Exercise goal:
Pictures in the material below are to be left out, and only the lines from the line with "Black Snakeskin Paisley" up to and including the line with "La catena da" are to be written out exactly.

Listed records:
-- Opening Marker --

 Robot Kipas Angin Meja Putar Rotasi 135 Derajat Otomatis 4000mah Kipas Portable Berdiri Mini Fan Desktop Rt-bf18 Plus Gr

-- Closing Marker --
-- Opening Marker --

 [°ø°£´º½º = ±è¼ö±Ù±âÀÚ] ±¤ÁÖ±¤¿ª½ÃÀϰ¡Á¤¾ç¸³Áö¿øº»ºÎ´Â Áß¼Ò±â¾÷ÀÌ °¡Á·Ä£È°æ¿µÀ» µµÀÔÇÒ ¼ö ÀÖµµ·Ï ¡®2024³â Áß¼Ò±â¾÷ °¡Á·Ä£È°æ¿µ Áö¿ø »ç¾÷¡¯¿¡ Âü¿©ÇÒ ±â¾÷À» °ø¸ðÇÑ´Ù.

-- Closing Marker --
-- Opening Marker --

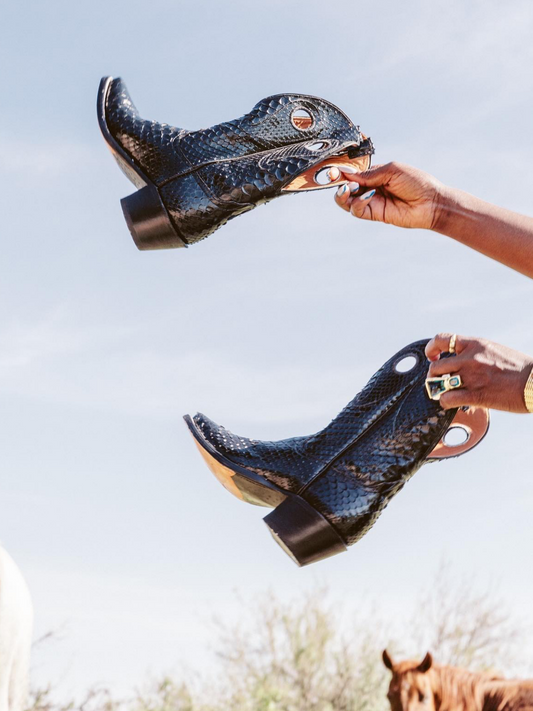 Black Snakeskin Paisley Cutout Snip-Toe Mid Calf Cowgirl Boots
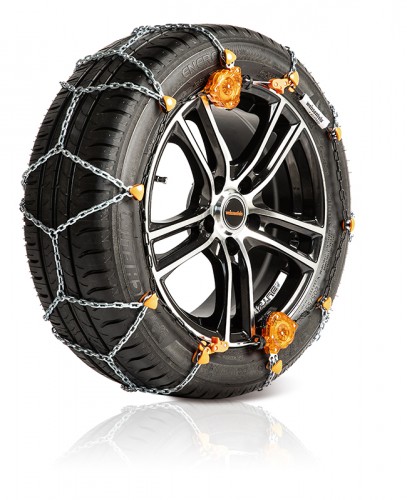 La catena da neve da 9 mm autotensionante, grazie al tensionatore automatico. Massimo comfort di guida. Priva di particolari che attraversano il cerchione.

-- Closing Marker --

Written solution:
 Black Snakeskin Paisley Cutout Snip-Toe Mid Calf Cowgirl Boots
 La catena da neve da 9 mm autotensionante, grazie al tensionatore automatico. Massimo comfort di guida. Priva di particolari che attraversano il cerchione.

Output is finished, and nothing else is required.